In 2024, investors' hopes for a long bull market are evident across industries as the 2023 market rise continues. Long-term investors don't like market swings, but they don't influence their goals.
Longer-term investors don't prioritize market timing. Even if a stock buyer buys in at the correct time to earn a great return, they will eventually find it difficult to replicate often enough to continue that level of return. A long-term investor knows the best strategy is to diversify and add to positions in strong companies regardless of the stock market. Two outstanding companies that could be monster growth stocks worth buying and owning long-term are listed here.
1. Duolingo Learning apps and language certification are offered by Duolingo (NASDAQ: DUOL). Music, arithmetic, and 40 languages are taught by the tech corporation. It's the world's most profitable language-learning app.
The company's share prices have risen 60% in the past year, reflecting its success. The fact that the language learning market is predicted to reach $188 billion by the early 2030s fuels anticipation. That's a big jump from $71 billion.
Duolingo is expanding beyond language learning to expand its education tech presence. It introduced math and music to the app in late 2023, and more may follow. Duolingo's improved financials and GAAP profitability also boost market enthusiasm. Ad-based free tier or subscription to Duolingo's instructional programs.
Duolingo earned $531 million in 2023, $496 million from subscription bookings. Both figures rose 44% and 49% from 2022. Duolingo's 2023 reservations reached $622 million, up 45%. 2023's net income was $16 million, up from 2022's $60 million deficit. 2023 free cash flow was $144 million, up 213% from 2022. Duolingo has 26.9 million daily and 88.4 million monthly users. Both numbers were up 65% and 46% from last year.
Wall Street analysts believe the stock might rise 21% on the median and 31% on the high end in the next year. Taken as a whole, this is a profitable business with huge growth potential in a huge, rapidly expanding addressable market. There may be a compelling buying opportunity for long-term investors.
2. Intuitive Surgery Intuitive Surgical (NASDAQ: ISRG) leads surgical robots. This space might be worth $20 billion by 2030, according to some analysts. The precision and improved patient outcomes of surgical robotics systems are in demand. Intuitive's products and services are used in open and minimally invasive surgery. Intuitive Surgical benefits from industry growth, which it dominates. Its innovative business approach boosts sales and profits.
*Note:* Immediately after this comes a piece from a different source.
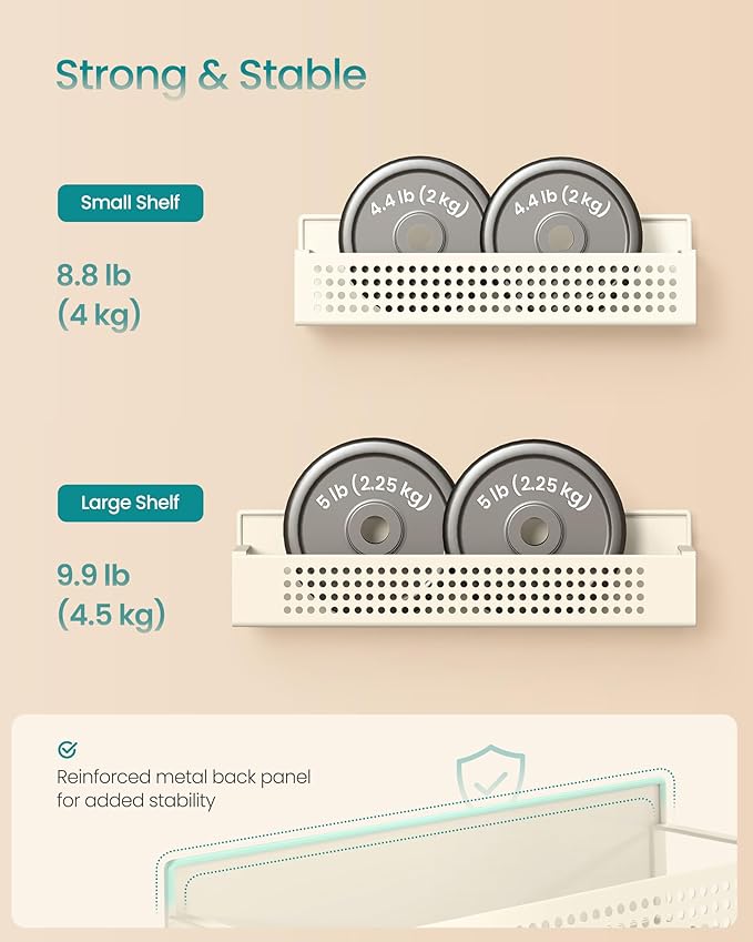 - Extra Strong Magnetic Hold: The powerful magnets (flux density: 700 Gauss) and the reinforced metal back panel give the spice rack secure support. The large shelf can support up to 9.9 lb, the small one up to 8.8 lb
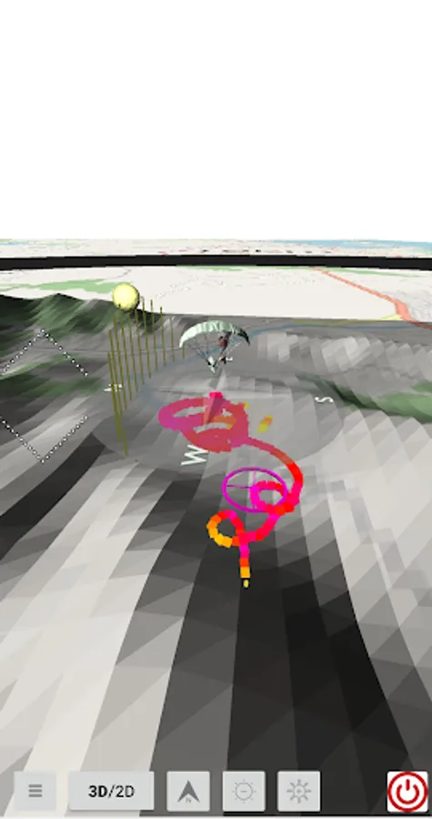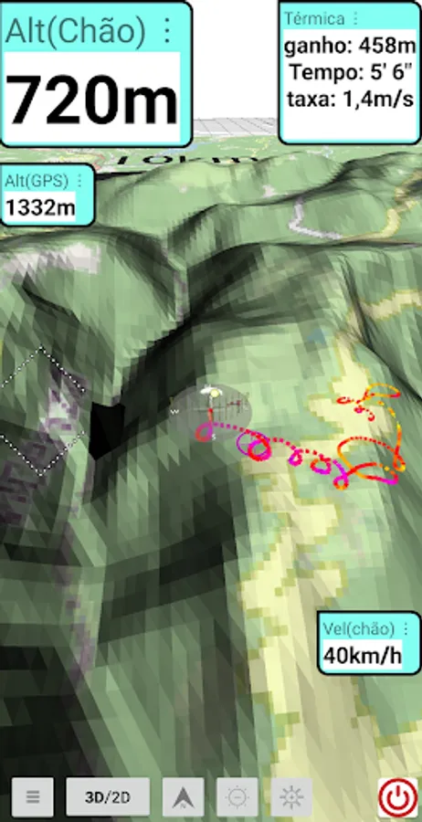 Free flight software. The goal is to support the pilot mapping the thermals through the 3D flight trail. You can test the application using an existing igc file and replay it. The software also has the ability to display flight information easily and intuitively through infoboxes. The pilot can choose the location of these infoboxes by dragging with his/her finger and also choose the text font size (information such as GPS altitude, altitude above groun level, speed over ground, etc.). There is also the possibility of downloading elevation data from each continent (this information is taken from the NASA project that is available for free through the SRTM project).

A surgical robotics suite is a big expenditure for a hospital or medical system. Intuitive Surgical systems cost $700,000–$2.5 million. Customers can buy these systems outright through leases or usage-based agreements. Each system has particular tools and accessories that must be changed after a set number of usage. The company earns $700 to $3,600 from instrument and accessory sales for each surgery using one of its systems.
Customers that lease or buy systems from Intuitive Surgical usually sign service contracts. Annual suite costs range from $80,000 to $200,000 per system under those arrangements. A variation on the razor and blade sales strategy, most revenue comes from blade sales. Intuitive Surgical earned $7.1 billion in 2023, up 15% from 2022. In 2023, 83% of Intuitive Surgical's revenue was $5.94 billion from recurring revenue (blades).
The company's recurring revenue percentage has continuously increased. In 2022, 79% of Intuitive Surgical's revenue was recurring, up from 75% in 2021. In 2023, Intuitive Surgical earned $1.8 billion, up 35%. In the past year, the company generated $780 million in free cash flow.
Although few stocks make you rich fast, this is a respectable business that may generate sustainable returns over time. With the market's rise, investors seem to have rediscovered the stock, sending shares up 50% in the past year. Long-term investors may want to reconsider this top healthcare stock.